Jaroslav Hasek the creator of Svejk was employed by the Russians as a propaganda writer.
Brave Driver Josef Bong
"The men of the Ambulance Corps transported the seriously wounded to carts prepared in a sheltered ravine. As soon as a cart was full they drove away with it to the first-aid post. When the Russians discovered these carts they began to shell them. The horse of driver Joseph Bong of the Imperial and Royal 3rd Army Service Squadron was killed by shrapnel. Bong moaned: 'My poor Dobbin, it's all over with you!' At that moment he was hit with a piece of shrapnel. In spite of this he unharnessed his horse and dragged the three-span cart back to the safe shelter. After that he returned for the harness of his slaughtered horse. The Russians went on shooting. 'Just go on shooting, you blasted devils!

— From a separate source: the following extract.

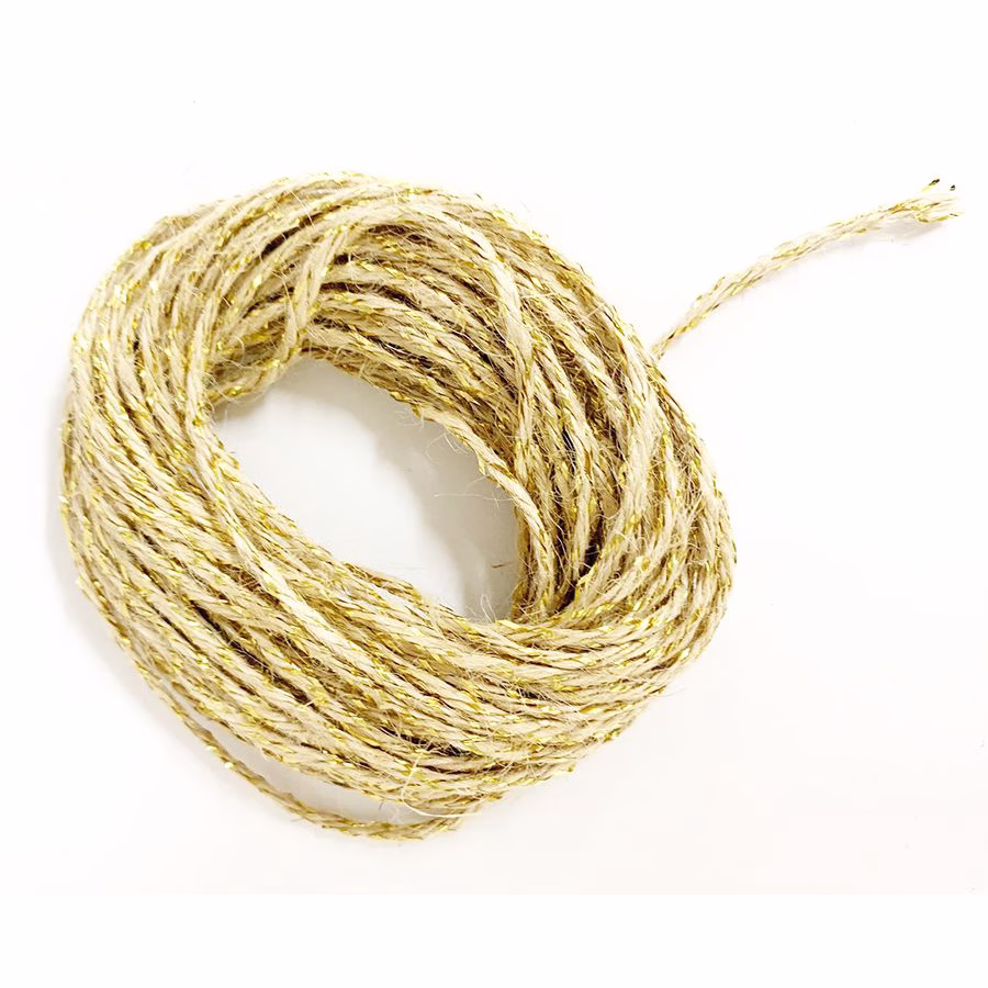 Cordão de Juta com Fio Dourado – 10 metros – EcoArt – Rizzo Distribuidora

I'm not going to leave the harness here!', and he went on unfastening the harness from the horse muttering these words. At last he finished and dragged himself back to the cart with the harness. Here he had to listen to a thundering rebuke from the ambulance men for his long absence. The brave soldier excused himself: 'I did not want to abandon the harness. It's practically new. It would have been a pity, I thought. We don't have too many of these things.' He then went to the first-aid post and only then reported himself wounded. His captain later decorated his breast with the silver medal for bravery."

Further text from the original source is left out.